There is a new heading: “In Tone IV: To the special melody: ‘As one valiant among the martyrs’”

The humble, compunctionate melody is replaced by one that is cheerful, sure, bold. One senses in it steadfastness, the triumph of victory, a victory bought with suffering. Such a melody is used to hymn “the passion-bearer George, who is valiant among the martyrs.” He kept the Faith, and for this has received a crown from God, and now has the boldness to pray in our behalf...

And here also is the prosomoion “The noble Joseph”, in Tone II.

Who does not know this wonderful melody of funereal lamentation over Christ, the Bestower of life, a lamentation pierced with the golden rays of the coming Resurrection? Who is not moved to compunction by its smooth, untroubled tones, like the serene, mystical three-day rest of the Savior in the tomb? Who does not shed tears when it is poured forth in church with the fragrant clouds of incense when they bear forth the winding-sheet, anointed with costly perfumes, swaying over the heads of those present in church? How brilliantly the absence of grief and despair which characterize this mystic burial are expressed. One of our bishops who is also a composer described this as “the dying rays of the evening sun [setting] in the tomb of Christ, the Bestower of life.” Except on Great Friday and Saturday we never hear this melody, even though the typicon of the Church envisions it being used more frequently.

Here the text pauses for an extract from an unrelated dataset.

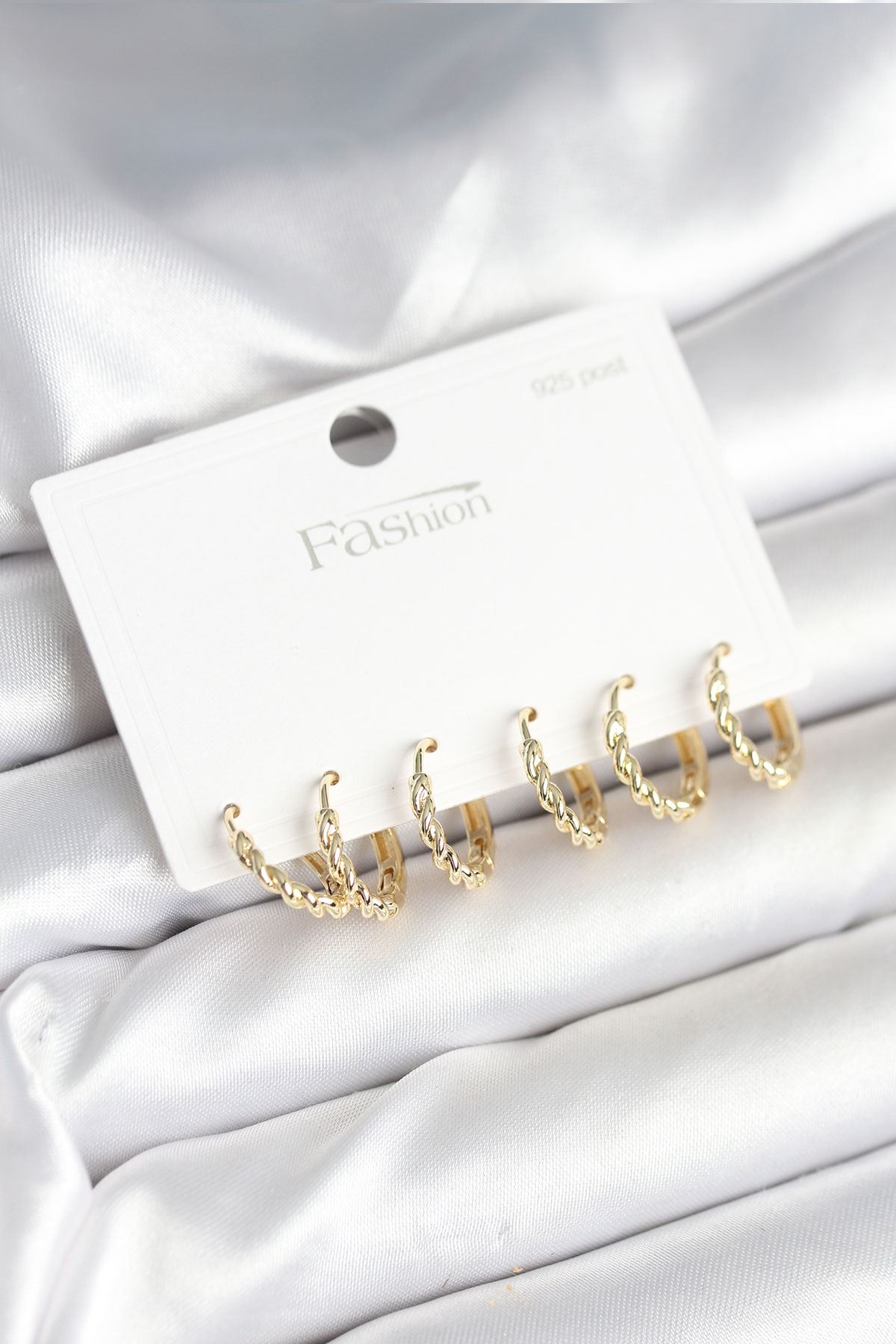 YRTCL Gold Renk Burgu Halka Model 925 Ayar Gümüş Çivili Pirinç Küpe Seti

Yet another stream is poured forth into the divine services: joy–a certain haste, the threshold of jubilation, a gladsome trembling in the presence of something great. Thus, before the Nativity of Christ, they sing: “O house of Ephratha! O holy city! Glory of the prophets! Adorn the house wherein the Divine One is born!” (Tone II).

And melody succeeds melody, each providing its own nuances, its own particular spiritual perfume. One is jubilant, triumphal, clear, bright; another is also jubilant, but full of trembling, somehow mystical, not manifesting jubilation in every respect. And finally, some are serene and compunctionate, full of hope, while some are compunctionate, yet full of tears of contrition.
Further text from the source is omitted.